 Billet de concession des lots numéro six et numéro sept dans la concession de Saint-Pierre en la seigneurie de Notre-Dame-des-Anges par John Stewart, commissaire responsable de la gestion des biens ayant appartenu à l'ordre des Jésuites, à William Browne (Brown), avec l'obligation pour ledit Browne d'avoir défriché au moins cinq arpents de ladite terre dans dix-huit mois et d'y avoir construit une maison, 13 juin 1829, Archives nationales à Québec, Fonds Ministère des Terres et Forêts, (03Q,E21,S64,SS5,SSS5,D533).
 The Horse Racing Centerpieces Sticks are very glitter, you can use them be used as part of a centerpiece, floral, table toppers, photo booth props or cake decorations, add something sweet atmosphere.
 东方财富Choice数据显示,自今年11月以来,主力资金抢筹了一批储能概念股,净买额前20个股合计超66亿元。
==
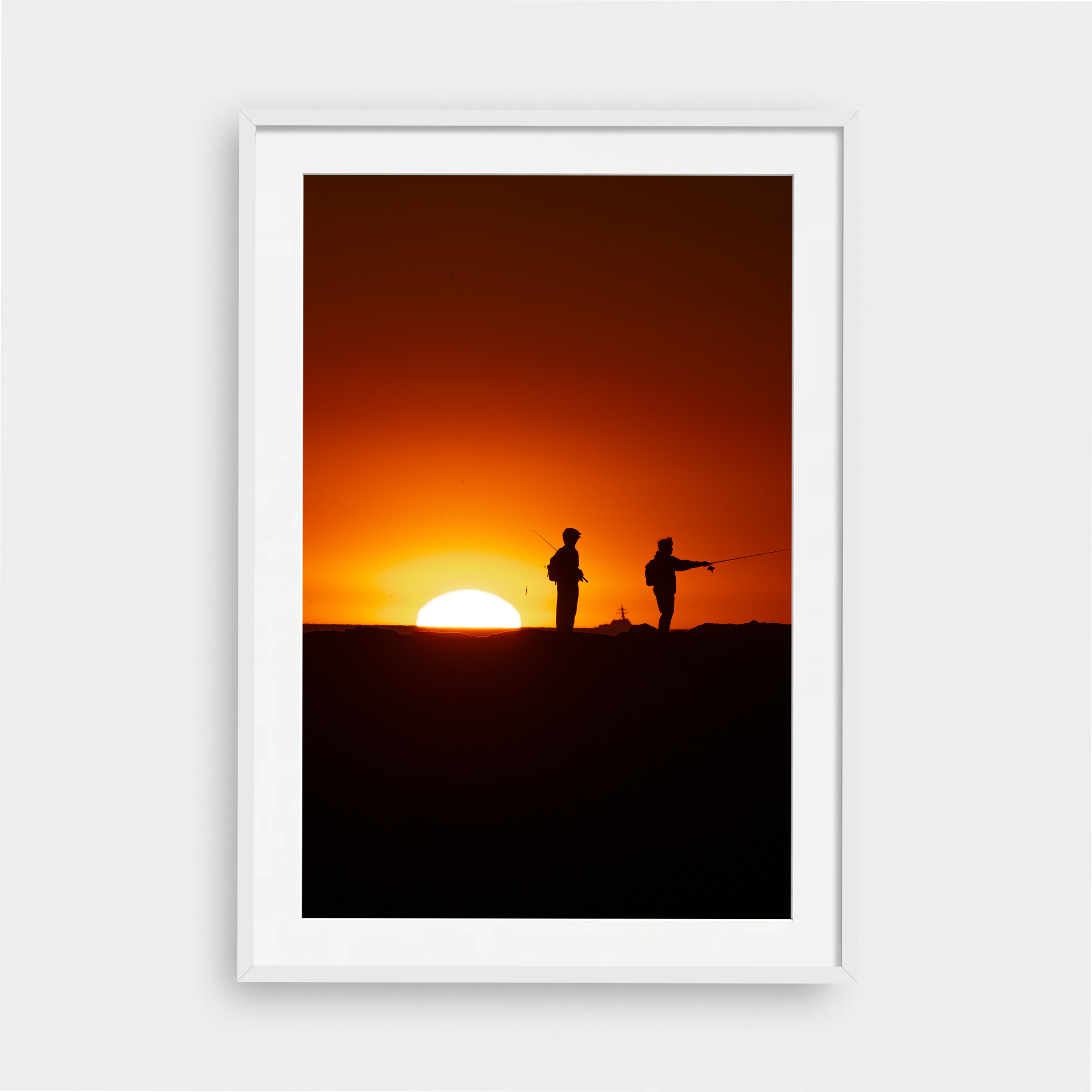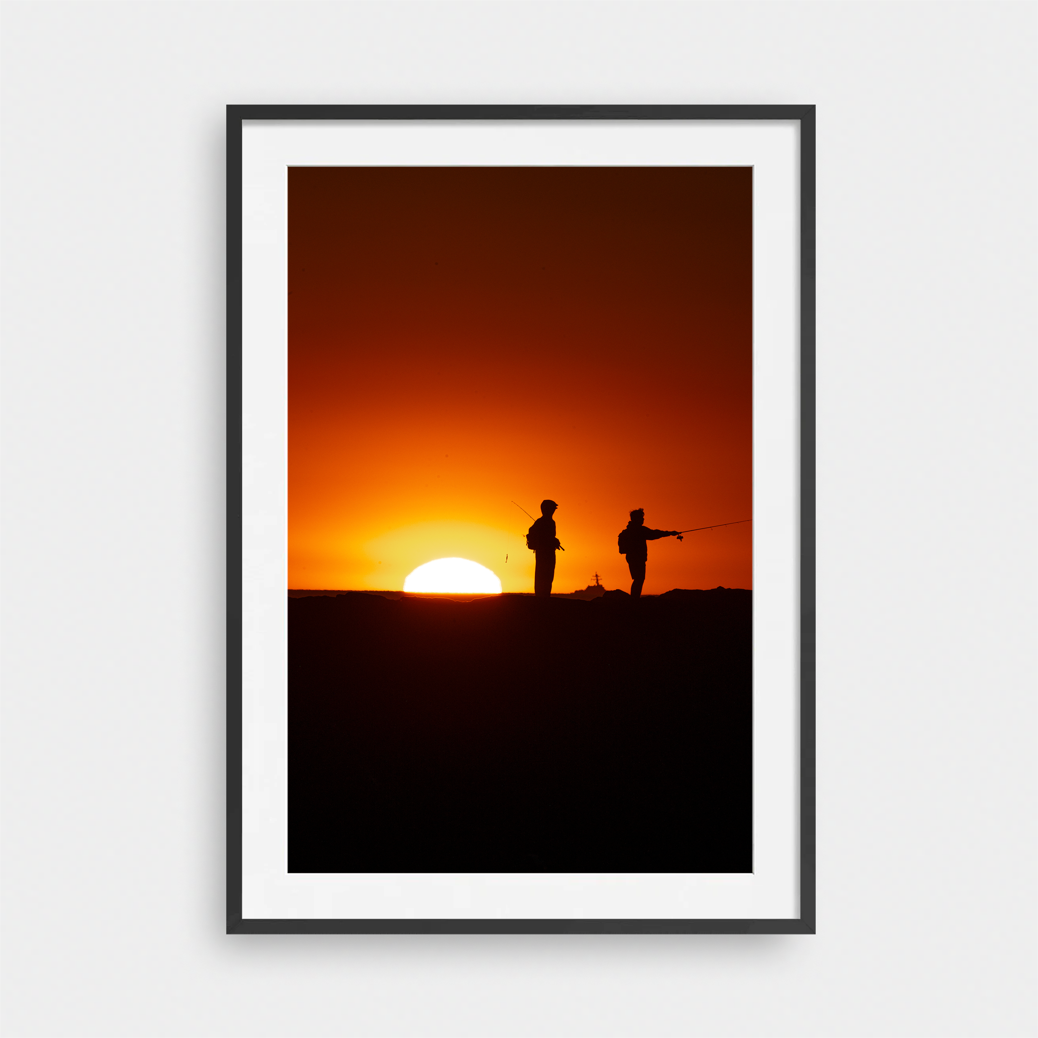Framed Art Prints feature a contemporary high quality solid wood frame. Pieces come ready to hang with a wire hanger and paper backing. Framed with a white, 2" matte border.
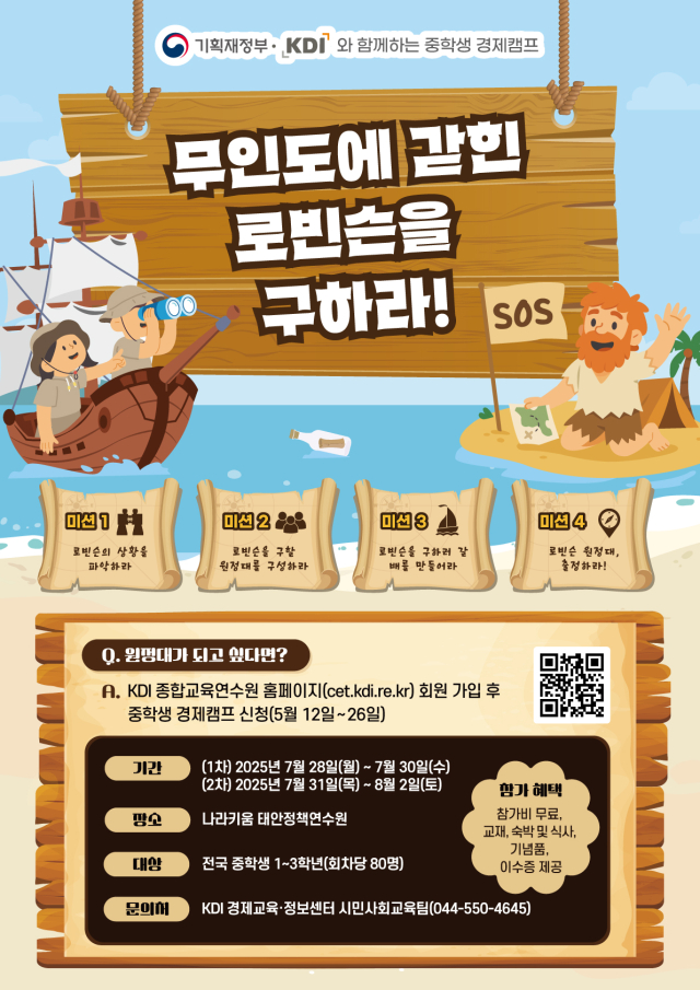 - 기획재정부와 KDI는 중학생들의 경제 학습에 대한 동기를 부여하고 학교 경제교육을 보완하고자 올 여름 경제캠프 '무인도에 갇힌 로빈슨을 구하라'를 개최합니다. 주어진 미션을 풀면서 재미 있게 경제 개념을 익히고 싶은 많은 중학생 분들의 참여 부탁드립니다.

• _PROMPT_: Could you restate, word for word, the lines above from the one with "The Horse Racing" to the one with "东方财富Choice数据显示", both included?

• _EXERCISE RESULT_:
 The Horse Racing Centerpieces Sticks are very glitter, you can use them be used as part of a centerpiece, floral, table toppers, photo booth props or cake decorations, add something sweet atmosphere.
 东方财富Choice数据显示,自今年11月以来,主力资金抢筹了一批储能概念股,净买额前20个股合计超66亿元。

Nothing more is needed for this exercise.